Count Alexei Grigoryevich Orlov (Russian: Алексей Григорьевич Орлов) (5 October [O.S. 24 September] 1737 – 5 January [O.S. 24 December 1807] 1808)[1] was a Russian soldier and statesman, who rose to prominence during the reign of Catherine the Great.

Orlov served in the Imperial Russian Army, and through his connections with his brother, became one of the key conspirators in the plot to overthrow Tsar Peter III and replace him on the Russian throne with his wife, Catherine. The plot, carried out in 1762, was successful, and Peter was imprisoned under Alexei Orlov's guard. He died shortly afterwards in mysterious circumstances, and it was popularly believed Orlov had either ordered, or personally carried out, his murder. Handsomely rewarded by Catherine after her accession, the Orlovs became powerful at court. Alexei was promoted and took part in the Russo-Turkish War of 1768–74, commanding a naval expedition to the Mediterranean in 1770, which destroyed the Ottoman fleet at the Battle of Chesma. For his success he was granted the honorific Chesmensky. The Russian victory sparked off the Orlov Revolt in the Greek territories of the Ottoman Empire soon afterwards.

Orlov remained in the Mediterranean, and received the unusual commission of seducing and then capturing 'Princess Tarakanoff', a pretender to the Russian throne. Orlov was successful in doing so, and tricked her into boarding a Russian ship at Livorno, where she was arrested and transported to Russia. Alexei's brother, Grigory, Catherine's lover before and after the coup took place, fell from favour soon afterwards, and the Orlovs' power at court diminished. Alexei became a renowned breeder of livestock at his estates, developing the horse breed known as the Orlov Trotter, and popularising the Orloff breed of chicken. He left Russia after the death of Catherine and the accession of her son, Tsar Paul I, but returned after Paul's death and lived in Russia until his death in 1808.

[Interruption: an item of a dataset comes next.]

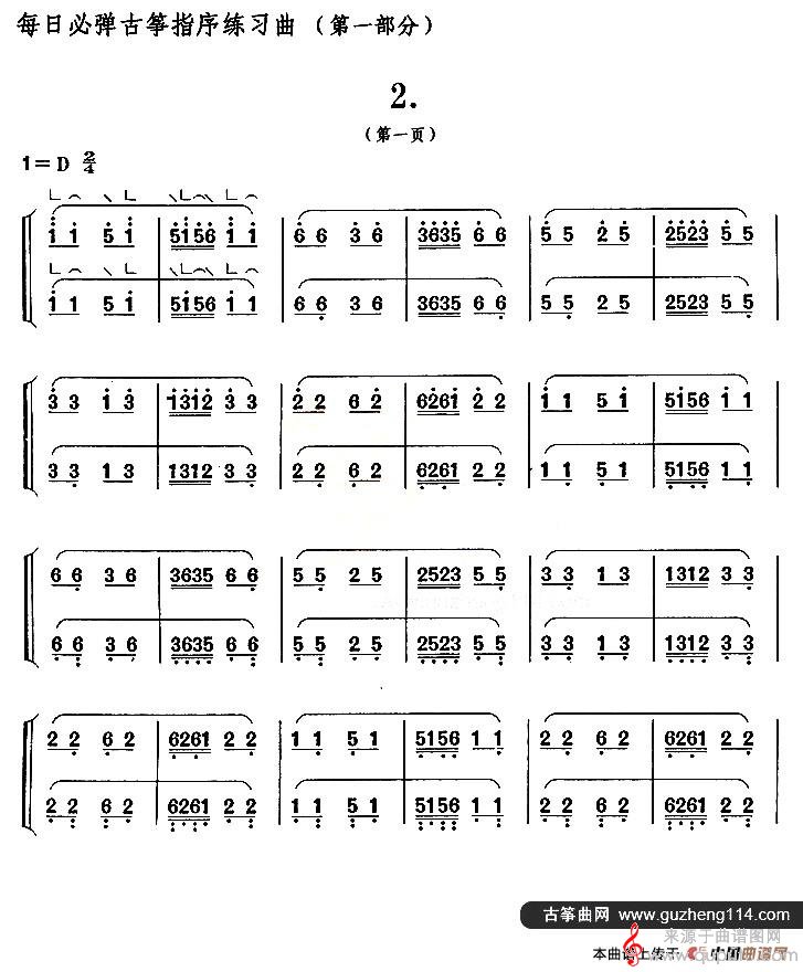 曲谱图网为您提供每日必弹古筝指序练习曲曲谱古筝谱(第一部分·2)找谱子,就上曲谱图网。

Family and early life[edit]

Alexei was born into the noble Orlov family in Lyubini in Tver Oblast on (5 October [O.S. 24 September] 1737, the son of Grigory Ivanovich Orlov, governor of Novgorod, and brother of Grigory Grigoryevich Orlov.[2] He entered the Preobrazhensky Regiment and by 1762 had reached the rank of sergeant. He distinguished himself in the Seven Years' War and was wounded at the Battle of Zorndorf. He was described as a giant of a man, over two meters tall, and a celebrated duellist, with a scar across his cheek.[3] The scar earned him the nickname 'scarface'.[4]

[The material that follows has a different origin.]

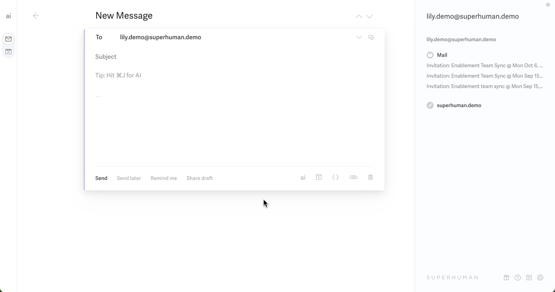 When drafting a message, hit Cmd+J (Mac) or Ctrl+J (Windows) to write with AI. Then, type a prompt and hit Enter to have Superhuman AI draft a message. The more context and keywords you include, the more specific the drafted message will be.
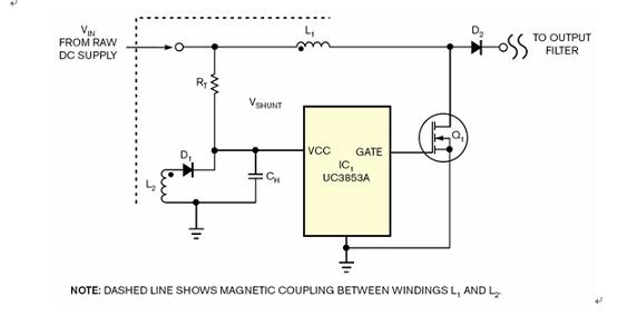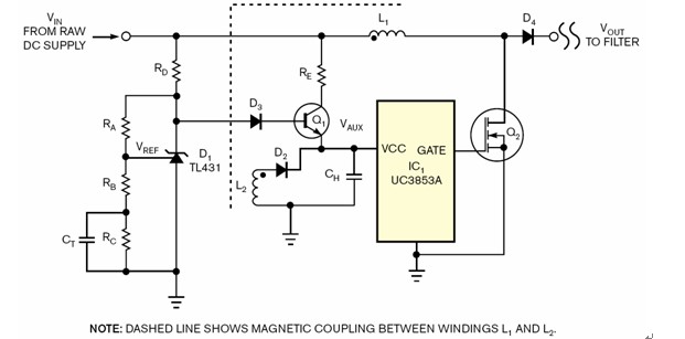 這個電路如同圖1所示,其中的二極管D2和輔助線圈L2會提供正常操作電源給IC1。

Involvement in the 1762 coup[edit]

Together with his brother Grigory, Alexei Orlov became involved in the palace coup to overthrow Tsar Peter III and place his wife, Catherine, on the Russian throne. In the coup, carried out in July 1762, Alexei went to meet Catherine at the Peterhof Palace, and finding her in bed, announced 'the time has come for you to reign, Madame.'[3][5] He then drove her to St Petersburg, where the guards regiments there proclaimed their loyalty to her.[6] The Tsar was arrested and imprisoned at Ropsha, under the guard of Alexei Orlov.[3] There Peter died in mysterious circumstances on 17 July [O.S. 6 July] 1762. Orlov is popularly supposed to have murdered him, either on his own initiative or on Catherine's orders.[3][5] One account has Orlov giving him poisoned wine to drink which caused

... flames [to course] through his veins. This aroused suspicion in the overthrown emperor and he refused the next glass. But they used force, and he defended himself. In that horrible struggle, in order to stifle his cries, they threw him on the ground and grabbed his throat. But he defended himself with the strength that comes from final desperation, and they tried to avoid wounding him. They placed a rifle strap on the emperor's neck. Alexei Orlov kneeled with both legs on his chest and blocked his breathing. He passed away in their hands.[3]

Orlov apparently wrote a letter to Catherine after Peter's death, confessing that Peter had been killed in a drunken brawl with one of his jailers, Feodor Bariatynsky, and taking the blame.[4][7][8] The authenticity of this letter has been questioned. It was announced that the Tsar had died from an attack of haemorrhoidal colic.[7]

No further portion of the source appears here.